Esperaron un rato y abordaron el bus, estaba vacío; sólo algunos jóvenes y parejas
conversaban en los asientos traseros. Al arrancar, notaron que la carretera era
sumamente recta, rodeada de una sabana que se coronaba en el horizonte con un cielo
de azul profundo, y alguna que otra casa humilde en los prados.
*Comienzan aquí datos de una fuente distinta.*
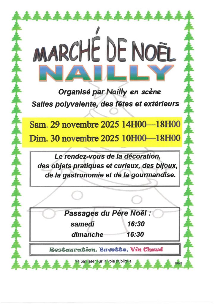 Marché de Noël / Nailly Salle polyvalente Rue de l'église 89100 NAILLY Voir mon itinéraire

Por algún tiempo, los dos observaban el paisaje. Alberto, recordaba aquellos paseos
que había realizado en su país, donde las vacas pastaban en el llano infinito y de vez
en cuando una tormenta picaba el cielo en dos, un gris oscuro y de repente un azul
suave. Los viajes en aquellas inmensidades eran relajantes para él, sobre todo en su
niñez, cuando imaginaba que podía bajarse del carro y comenzar a recorrer a pie aquella
inmensidad.

Mientras tanto, Carolina sólo tomaba la mano de su chico y sus orejas, una de sus mañas
más placenteras, así se había acostumbrado a dormirse e increíblemente el zumbar del
motor de un carro siempre la ponían somnolienta. Tras unos minutos los dos estaban
durmiendo nuevamente.

Al despertar, se vieron ya en la nueva ciudad. Altos edificios al borde del asfalto negro,
autopistas extensas y más de 30 personas esperando para cruzar un semáforo eran el
ambiente citadino. En el terminal tomaron un taxi y se dirigieron al hotel rápidamente,
se chequearon, fueron a la habitación y tomaron un baño. Mientras se secaban, Alberto
señaló el vientre de Carolina, - Seguramente tienes hambre, vamos a comer -, se vistieron
y salieron nuevamente a la calle.

Los dos estaban vestidos de punta en blanco. Carolina llevaba una blusa
semitransparente, bastante sexy y Alberto, una camisa manga larga color vede.
Recorrieron algunos bulevares hasta que decidieron colarse en un restaurante con
terraza. Comieron, bebieron vino y conversaron largamente acerca de los recuerdos,
cómo iba el viaje hasta el momento y algunos detalles de sus aventuras de cama de la
noche anterior.

Pagaron la cuenta, volvieron a las calles y sin duda quedaron fascinados por aquella
ciudad que al parecer, dormía a medias. Como era diciembre, las largas avenidas eran un
río de luces, con muñecos alusivos a Santa Claus y renos alrededor. La gente caminaba
observando vitrinas de las zonas comerciales, tal vez escogiendo el regalo, que debía
estar al pie del árbol, para esa persona especial.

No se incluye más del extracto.